WORK TASK:
Word for word, quote the lines from the one containing "Wohltuend für den" to the end of the entries below, including both. Leave pictures out.

RECORDS FOR THE TASK:
┌──

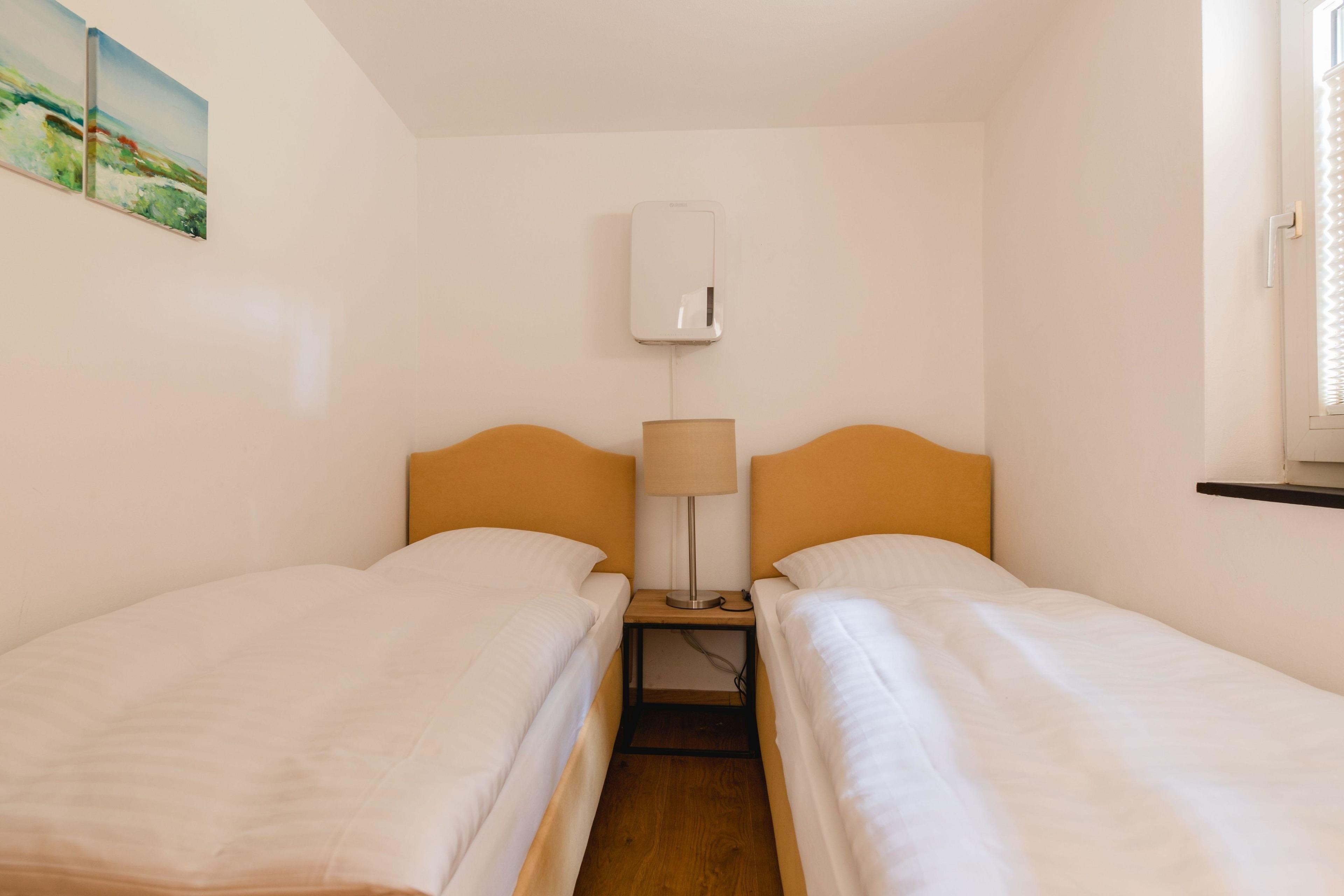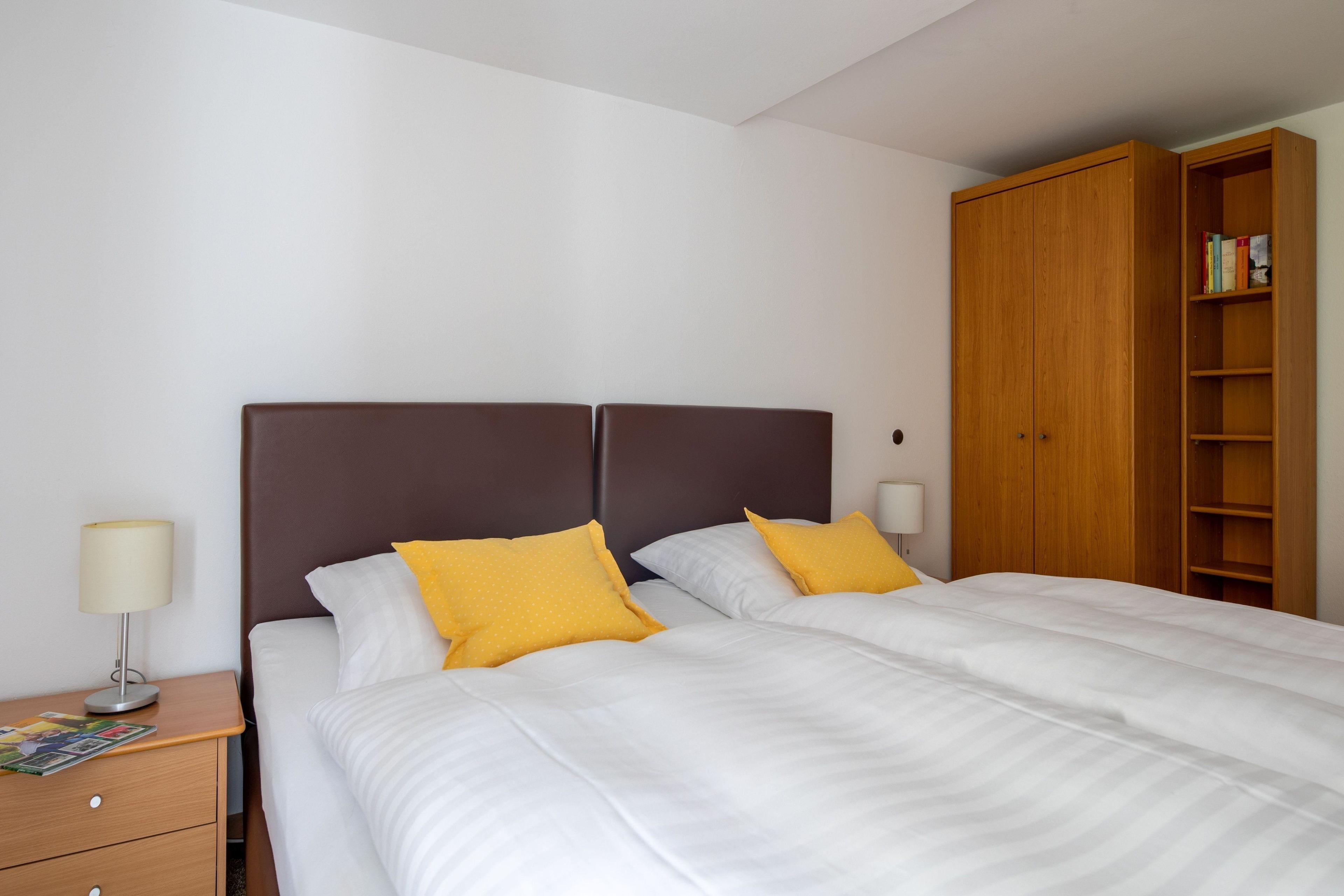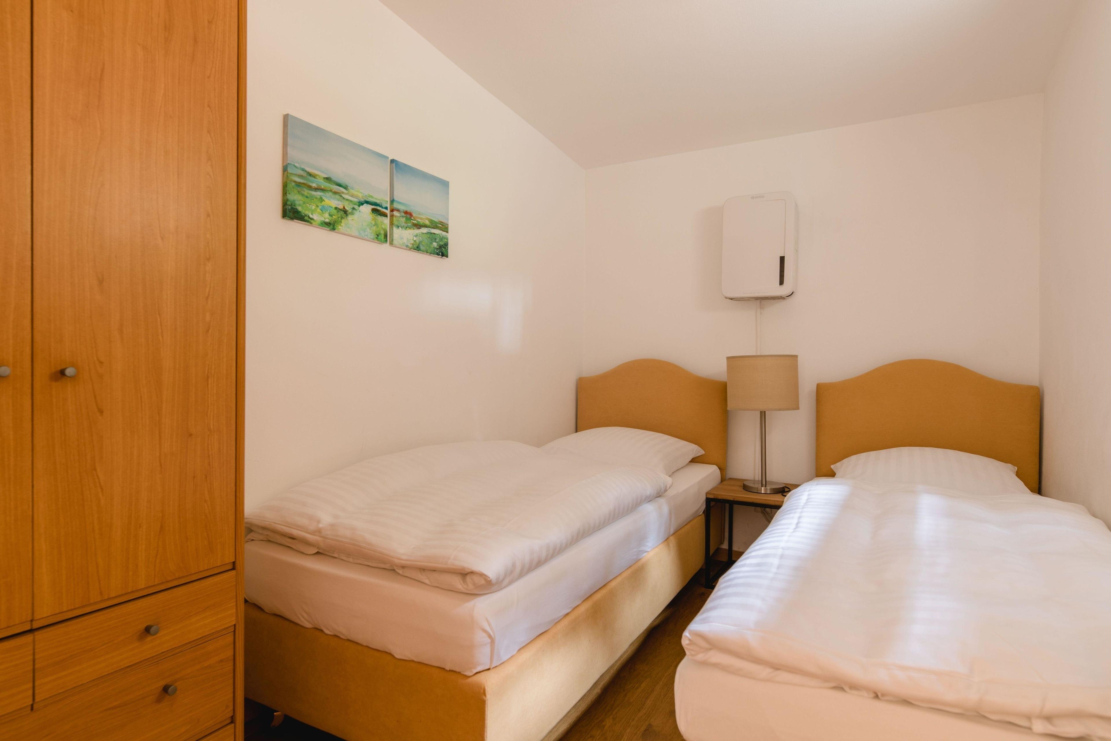 Die zwei Schlafzimmer sind mit aus führenden Hotels bekannten "Boxspringbetten", welche wahlweise als Doppel- oder als Einzelbett gestellt werden können, ausgestattet.
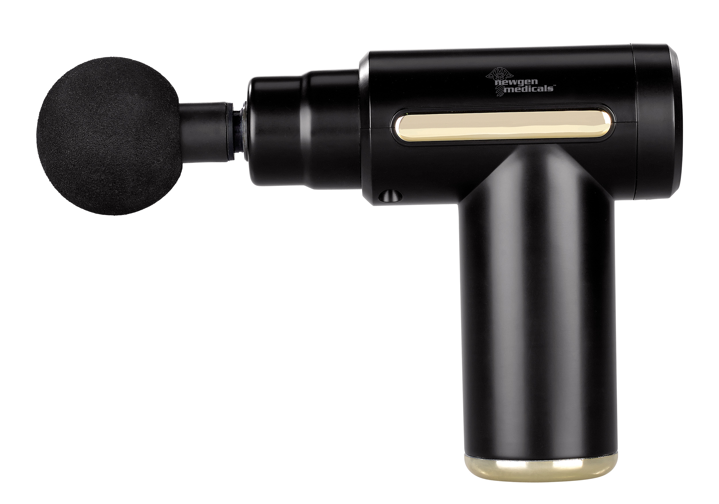Wohltuend für den ganzen Körper: So spart man sich den ein oder anderen Massage-Termin beim Profi. Denn mit der neuen Akku-Massagepistole von newgen medicals mit 4 Wechsel-Köpfen und 6 Intensitäts-Stufen wird die Muskulatur ganz nach den eigenen Bedürfnissen massiert!
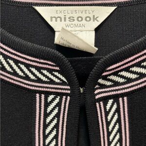 Exclusively Misook Open Cardigan Front Pockets Black Pink White Trim Size 2X
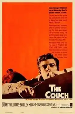 The Couch is a 1962 American psychological horror film directed by Owen Crump from a screenplay by Robert Bloch and a story by Blake Edwards and Owen Crump. The film stars Grant Williams, Shirley Knight, and Onslow Stevens.[1][2] The film was released by Warner Bros. on February 21, 1962.
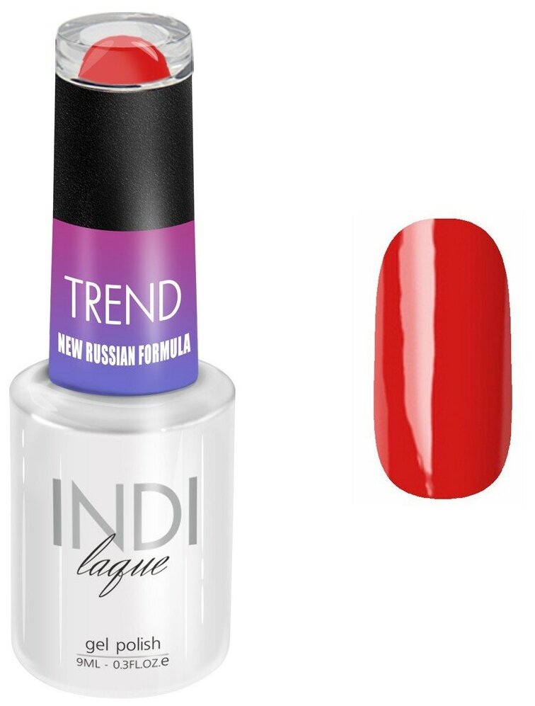 ruNail, Гель-лак INDI laque TREND, 9 мл №5075 (кораллово-красный, без блесток и перламутра, плотный.)
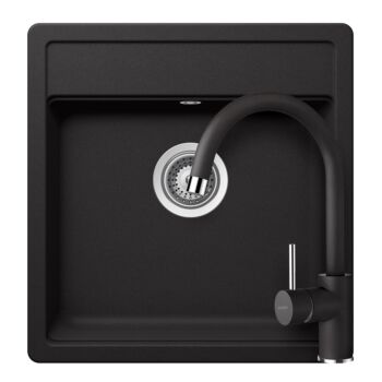SCHOCK Nemo N-100S Cristalite Nero egymedencés gránit mosogató szett, Schock Plutos csaptelep, fekete, beépíthető
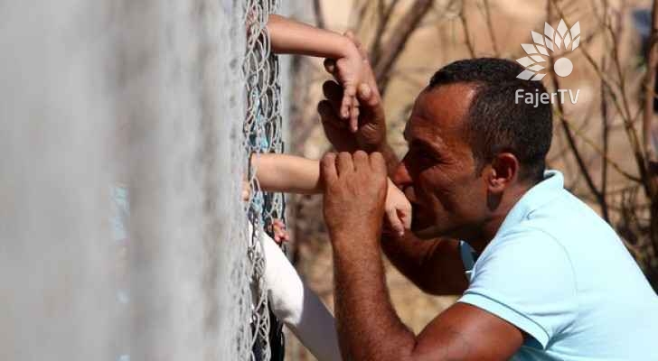 أسرة سورية تتبادل القبلات عبر سياج في قبرص بعد عام
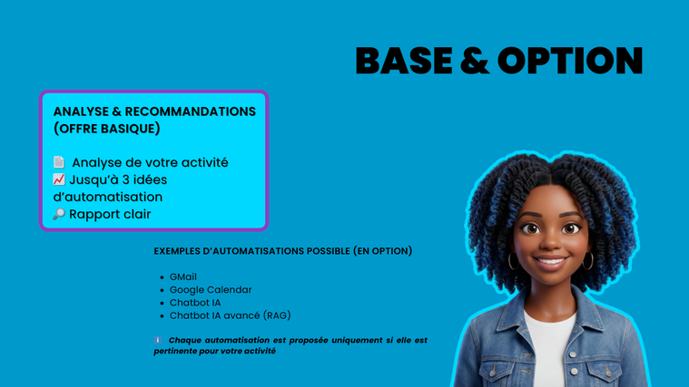 ◆ Les automatisations concrètes (workflows, chatbots, etc.) sont proposées séparément en options
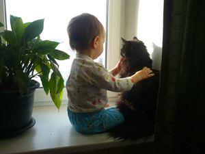 Кузеныша привезла 1,5-месячным: совсем ребенок, Рыжик его признал практически сразу.
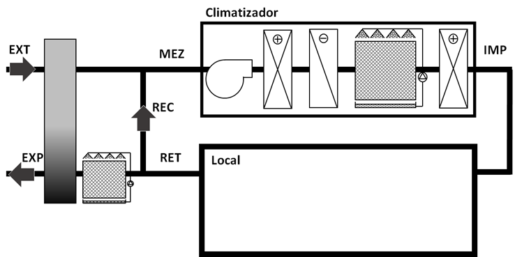 la del aire exterior y se deja recircular para alcanzar la temperatura de
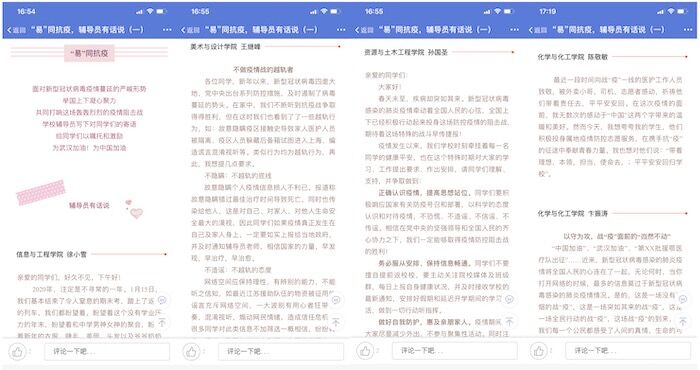 为进一步做好学生宣传教育工作,我校不仅在易班平台上宣传防控冠状病毒的知识,还利用易班平台开展“‘易’同抗疫,辅导员有话说”栏目。辅导员定期发布,以实际行动诠释初心使命,用心用情用爱引导同学们抵抗疫情。

└──

RESPONSE:
Wohltuend für den ganzen Körper: So spart man sich den ein oder anderen Massage-Termin beim Profi. Denn mit der neuen Akku-Massagepistole von newgen medicals mit 4 Wechsel-Köpfen und 6 Intensitäts-Stufen wird die Muskulatur ganz nach den eigenen Bedürfnissen massiert!
 Exclusively Misook Open Cardigan Front Pockets Black Pink White Trim Size 2X
 The Couch is a 1962 American psychological horror film directed by Owen Crump from a screenplay by Robert Bloch and a story by Blake Edwards and Owen Crump. The film stars Grant Williams, Shirley Knight, and Onslow Stevens.[1][2] The film was released by Warner Bros. on February 21, 1962.
 ruNail, Гель-лак INDI laque TREND, 9 мл №5075 (кораллово-красный, без блесток и перламутра, плотный.)
SCHOCK Nemo N-100S Cristalite Nero egymedencés gránit mosogató szett, Schock Plutos csaptelep, fekete, beépíthető
 أسرة سورية تتبادل القبلات عبر سياج في قبرص بعد عام
 ◆ Les automatisations concrètes (workflows, chatbots, etc.) sont proposées séparément en options
 Кузеныша привезла 1,5-месячным: совсем ребенок, Рыжик его признал практически сразу.
 la del aire exterior y se deja recircular para alcanzar la temperatura de
 为进一步做好学生宣传教育工作,我校不仅在易班平台上宣传防控冠状病毒的知识,还利用易班平台开展“‘易’同抗疫,辅导员有话说”栏目。辅导员定期发布,以实际行动诠释初心使命,用心用情用爱引导同学们抵抗疫情。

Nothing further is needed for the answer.